Excluding pictures, retype the line with "马四民书记代表学院对到访的黄" and each line that follows it to the end of the data below, word for word.

■ **DATA SHOWN**
.....
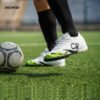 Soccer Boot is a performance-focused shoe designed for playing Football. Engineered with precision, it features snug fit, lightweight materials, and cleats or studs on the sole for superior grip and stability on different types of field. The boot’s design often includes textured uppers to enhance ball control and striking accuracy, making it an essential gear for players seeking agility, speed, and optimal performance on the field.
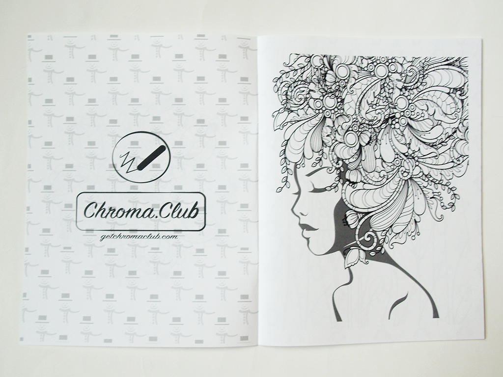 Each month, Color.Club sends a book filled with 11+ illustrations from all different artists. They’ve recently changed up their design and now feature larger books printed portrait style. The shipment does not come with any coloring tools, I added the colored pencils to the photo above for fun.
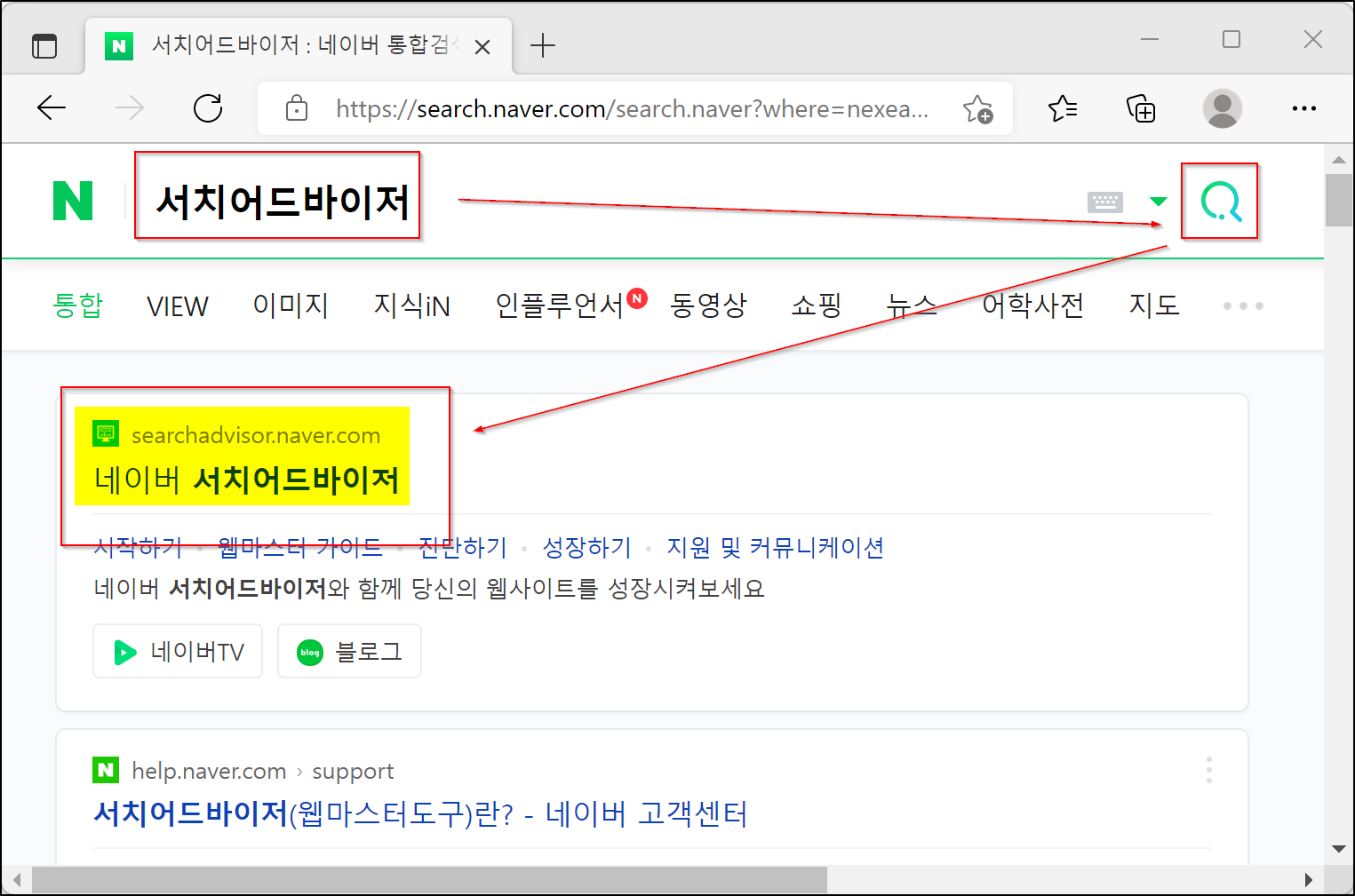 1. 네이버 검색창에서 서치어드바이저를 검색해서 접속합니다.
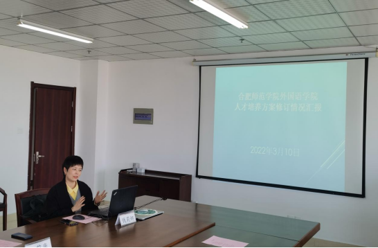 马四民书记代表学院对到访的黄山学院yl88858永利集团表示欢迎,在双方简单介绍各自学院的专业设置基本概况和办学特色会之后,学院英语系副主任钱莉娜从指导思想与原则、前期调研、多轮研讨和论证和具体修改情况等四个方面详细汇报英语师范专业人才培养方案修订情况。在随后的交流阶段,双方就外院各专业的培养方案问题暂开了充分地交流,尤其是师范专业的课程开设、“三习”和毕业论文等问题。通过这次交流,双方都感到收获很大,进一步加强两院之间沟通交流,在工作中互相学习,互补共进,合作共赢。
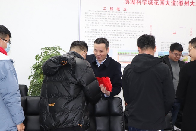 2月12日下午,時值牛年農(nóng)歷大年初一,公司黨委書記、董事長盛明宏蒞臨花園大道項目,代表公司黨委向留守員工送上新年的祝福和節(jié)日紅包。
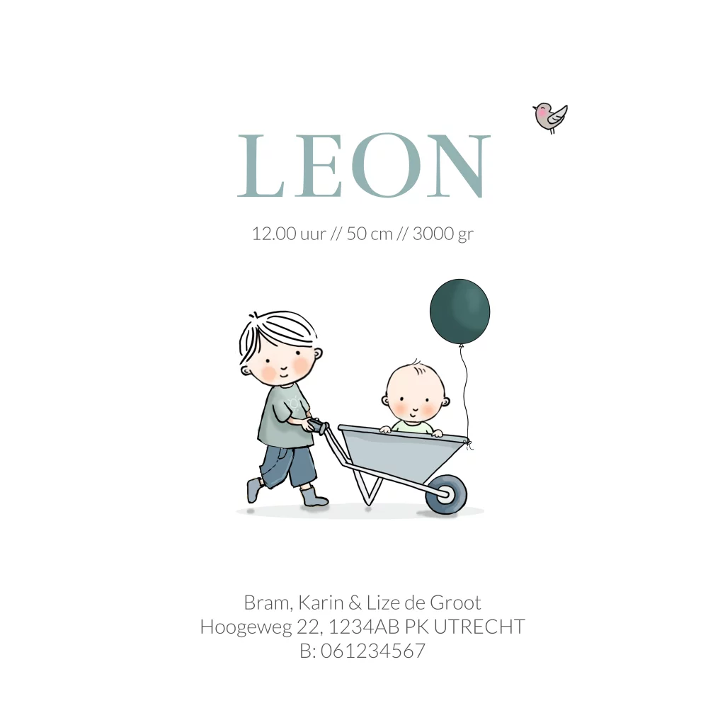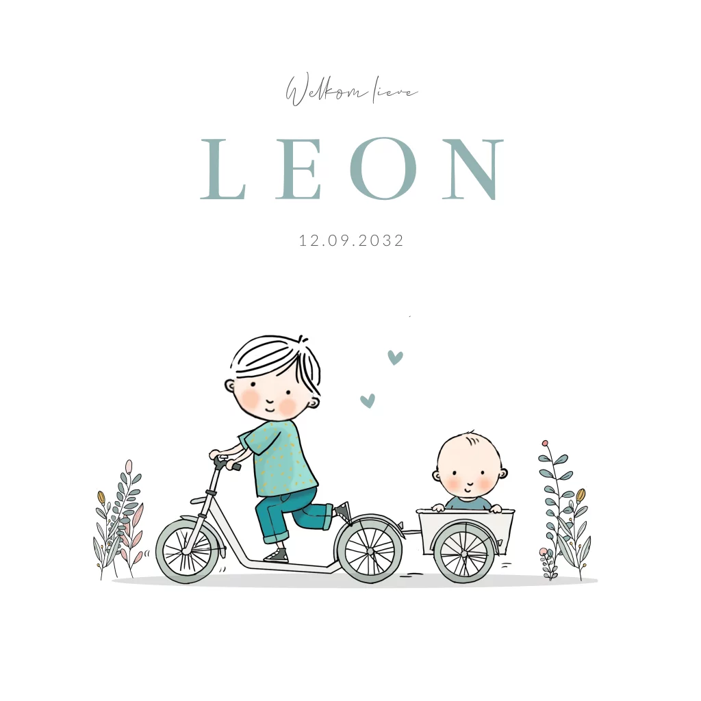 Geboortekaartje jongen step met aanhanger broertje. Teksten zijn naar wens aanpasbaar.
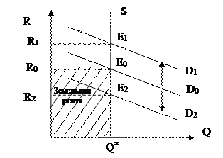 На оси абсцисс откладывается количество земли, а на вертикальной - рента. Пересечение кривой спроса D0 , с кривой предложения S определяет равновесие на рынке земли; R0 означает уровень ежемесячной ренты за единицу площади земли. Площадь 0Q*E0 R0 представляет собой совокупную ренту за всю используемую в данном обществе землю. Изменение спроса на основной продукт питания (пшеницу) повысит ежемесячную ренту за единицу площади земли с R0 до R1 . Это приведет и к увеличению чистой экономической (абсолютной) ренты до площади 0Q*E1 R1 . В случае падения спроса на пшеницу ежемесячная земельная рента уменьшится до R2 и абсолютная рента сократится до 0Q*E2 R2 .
.....
■ **WRITTEN REPLY**
 马四民书记代表学院对到访的黄山学院yl88858永利集团表示欢迎,在双方简单介绍各自学院的专业设置基本概况和办学特色会之后,学院英语系副主任钱莉娜从指导思想与原则、前期调研、多轮研讨和论证和具体修改情况等四个方面详细汇报英语师范专业人才培养方案修订情况。在随后的交流阶段,双方就外院各专业的培养方案问题暂开了充分地交流,尤其是师范专业的课程开设、“三习”和毕业论文等问题。通过这次交流,双方都感到收获很大,进一步加强两院之间沟通交流,在工作中互相学习,互补共进,合作共赢。
 2月12日下午,時值牛年農(nóng)歷大年初一,公司黨委書記、董事長盛明宏蒞臨花園大道項目,代表公司黨委向留守員工送上新年的祝福和節(jié)日紅包。
 Geboortekaartje jongen step met aanhanger broertje. Teksten zijn naar wens aanpasbaar.
 На оси абсцисс откладывается количество земли, а на вертикальной - рента. Пересечение кривой спроса D0 , с кривой предложения S определяет равновесие на рынке земли; R0 означает уровень ежемесячной ренты за единицу площади земли. Площадь 0Q*E0 R0 представляет собой совокупную ренту за всю используемую в данном обществе землю. Изменение спроса на основной продукт питания (пшеницу) повысит ежемесячную ренту за единицу площади земли с R0 до R1 . Это приведет и к увеличению чистой экономической (абсолютной) ренты до площади 0Q*E1 R1 . В случае падения спроса на пшеницу ежемесячная земельная рента уменьшится до R2 и абсолютная рента сократится до 0Q*E2 R2 .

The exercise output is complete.